Improving screening for hepatocellular carcinoma by incorporating data on levels of α-fetoprotein, over time

Abstract

Background & aims: Current screening algorithms for hepatocellular carcinoma (HCC) view each testing interval independently, without considering prior test results. We investigated whether measurements of α-fetoprotein (AFP), over time, can be used to identify patients most likely to develop HCC.

Methods: We performed a nested case-control study using data from subjects in the Hepatitis C Antiviral Long-Term Treatment Against Cirrhosis trial; 82 patients with HCC were matched 1:3 to individuals without HCC (controls), using bootstrap methods to ensure similar follow-up times between groups. We assessed the independent association between development of HCC and the following: (1) most recent level of AFP, (2) standard deviation in level of AFP, and (3) rate of increase in AFP using a multiple logistic regression that included patient-specific risk factors such as age, platelet count, and smoking status.

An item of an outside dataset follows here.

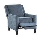 Love the idea of stretching out but prefer the look of an armchair to a traditional recliner? If so, the Banks II seating collection was tailor-made for you. This attractive seat has all the hallmarks of an accent chair with a modern profile atop exposed black-toned wooden legs, square track arms, and diamond quilting on the sides. However, when you press gently but firmly back, the self-reclining push-back mechanism is activated, allowing you to lean back and kick up your feet - no button, lever, or remote required! Covered in beautiful textured blue fabric upholstery, the Banks II is a versatile and neutral option that can shine on its own or pair with your existing décor.

Results: In bivariable analysis, all 3 AFP metrics were associated with HCC development; the most strongly associated was the standard deviation of AFP (odds ratio, 1.03 per unit increase in standard deviation; P < .001). Incorporating the standard deviation of AFP and rate of AFP increase, along with patient-specific risk factors, improved the prognostic accuracy to an area under the receiver-operating characteristic curve of 0.81, compared with 0.76 when only the most recent AFP level was used.

Conclusions: Patterns of AFP test results can more accurately identify patients with hepatitis C and advanced fibrosis or cirrhosis most likely to develop HCC, compared with most recent AFP test results.